→ WORK TO BE COMPLETED
Only one stretch of the material below is wanted: everything from the line containing "翻看代码提交记录,ETrac" down to the line containing "提携業者から預かった遊戯体(パチンコ台)", both ends included. Repeat it exactly and skip the pictures.

→ DATA SECTION
------------------------------

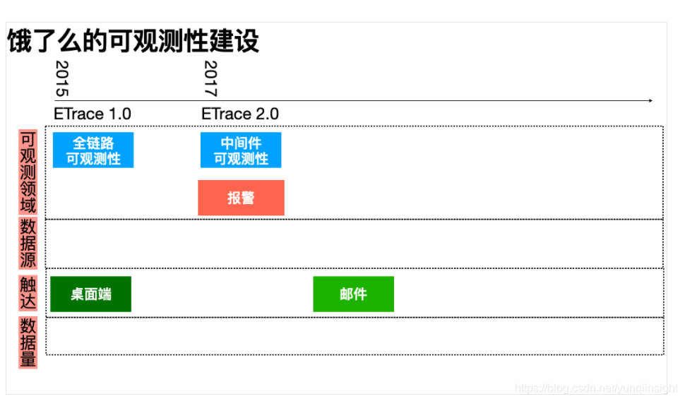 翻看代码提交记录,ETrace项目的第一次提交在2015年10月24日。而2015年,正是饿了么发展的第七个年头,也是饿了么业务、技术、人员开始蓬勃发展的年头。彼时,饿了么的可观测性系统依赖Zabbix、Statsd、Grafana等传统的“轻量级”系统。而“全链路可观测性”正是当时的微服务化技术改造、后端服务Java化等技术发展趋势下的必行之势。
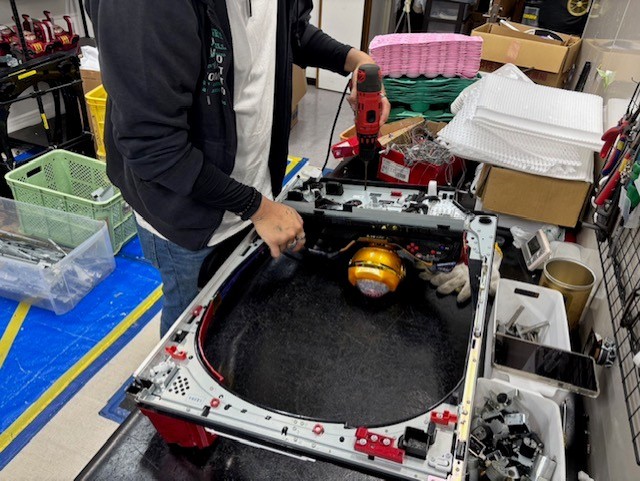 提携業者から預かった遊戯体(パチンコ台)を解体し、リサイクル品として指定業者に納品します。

------------------------------

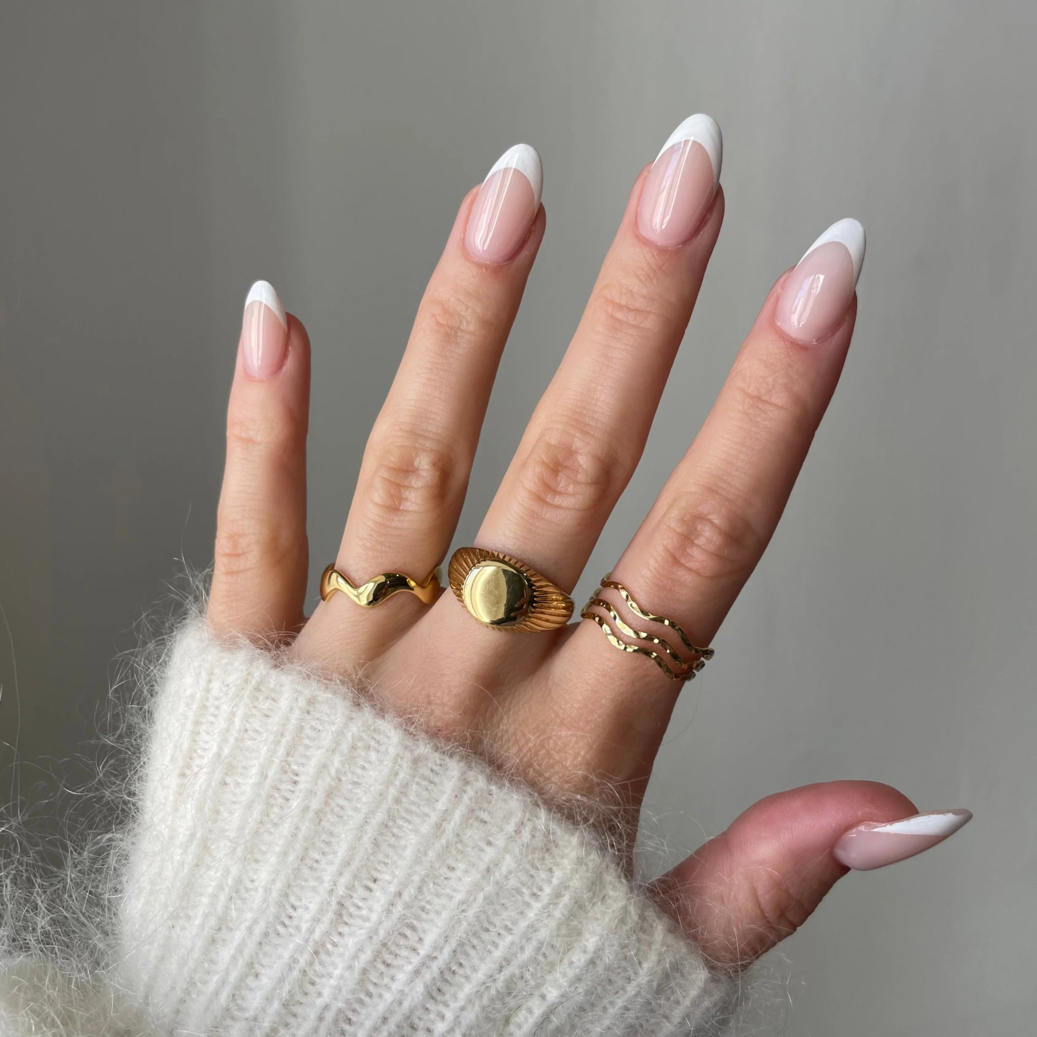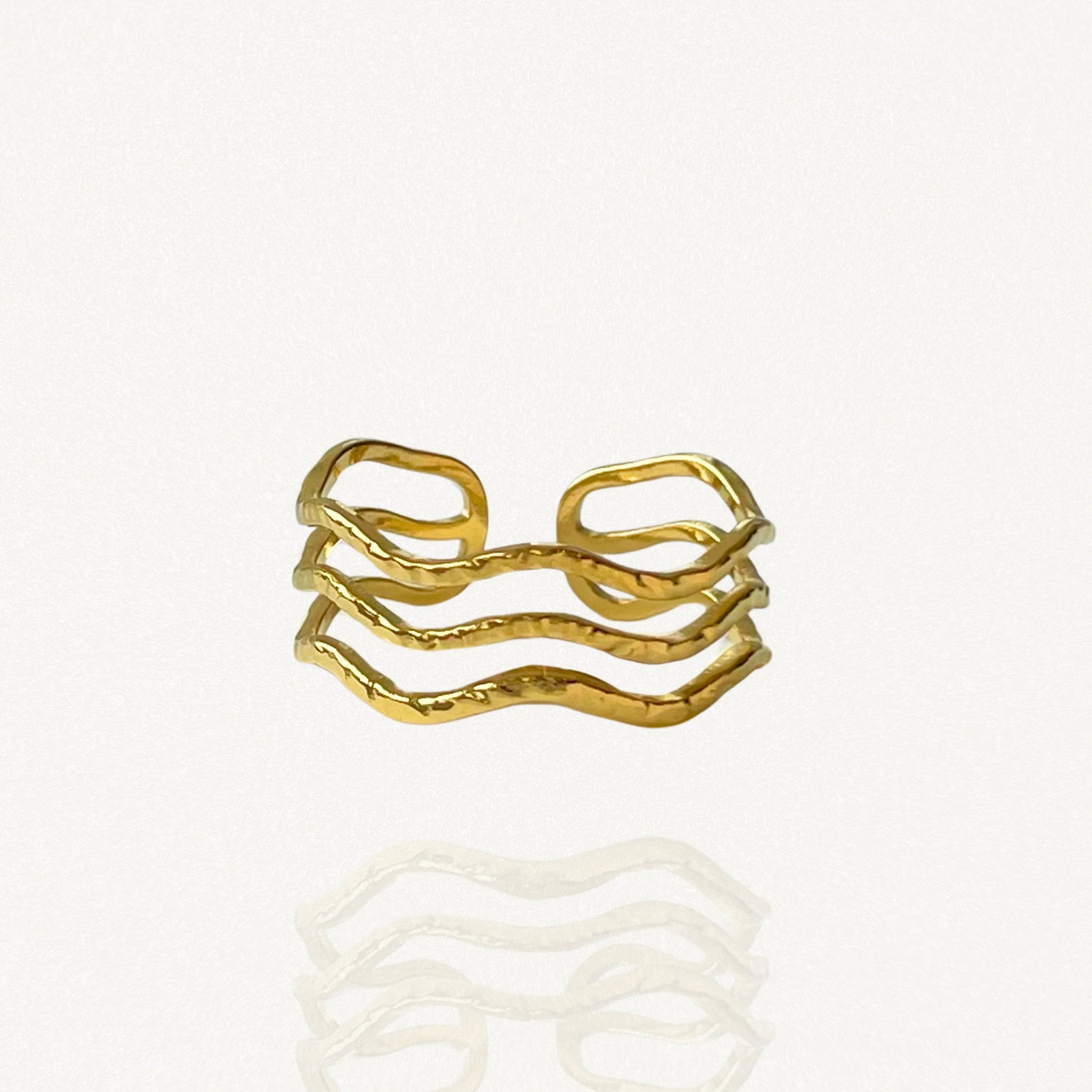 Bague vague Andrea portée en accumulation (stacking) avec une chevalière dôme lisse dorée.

------------------------------

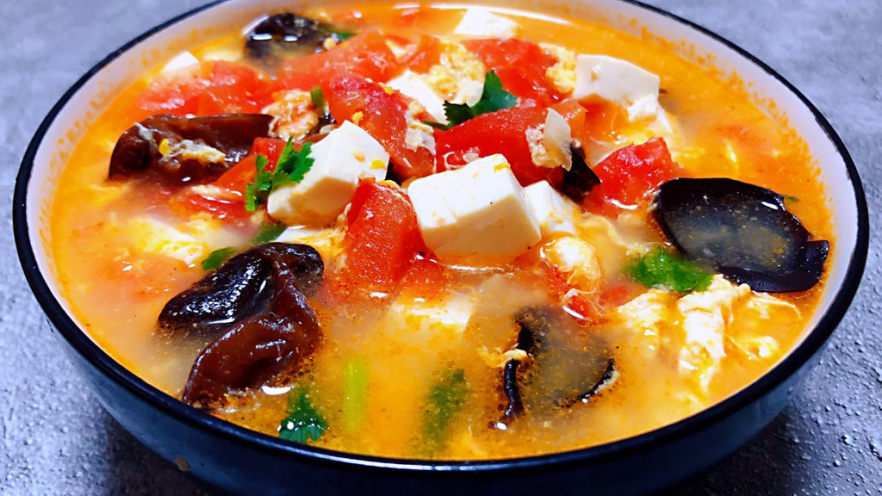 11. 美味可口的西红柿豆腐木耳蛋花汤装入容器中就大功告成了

------------------------------

→ RESULT
 翻看代码提交记录,ETrace项目的第一次提交在2015年10月24日。而2015年,正是饿了么发展的第七个年头,也是饿了么业务、技术、人员开始蓬勃发展的年头。彼时,饿了么的可观测性系统依赖Zabbix、Statsd、Grafana等传统的“轻量级”系统。而“全链路可观测性”正是当时的微服务化技术改造、后端服务Java化等技术发展趋势下的必行之势。
 提携業者から預かった遊戯体(パチンコ台)を解体し、リサイクル品として指定業者に納品します。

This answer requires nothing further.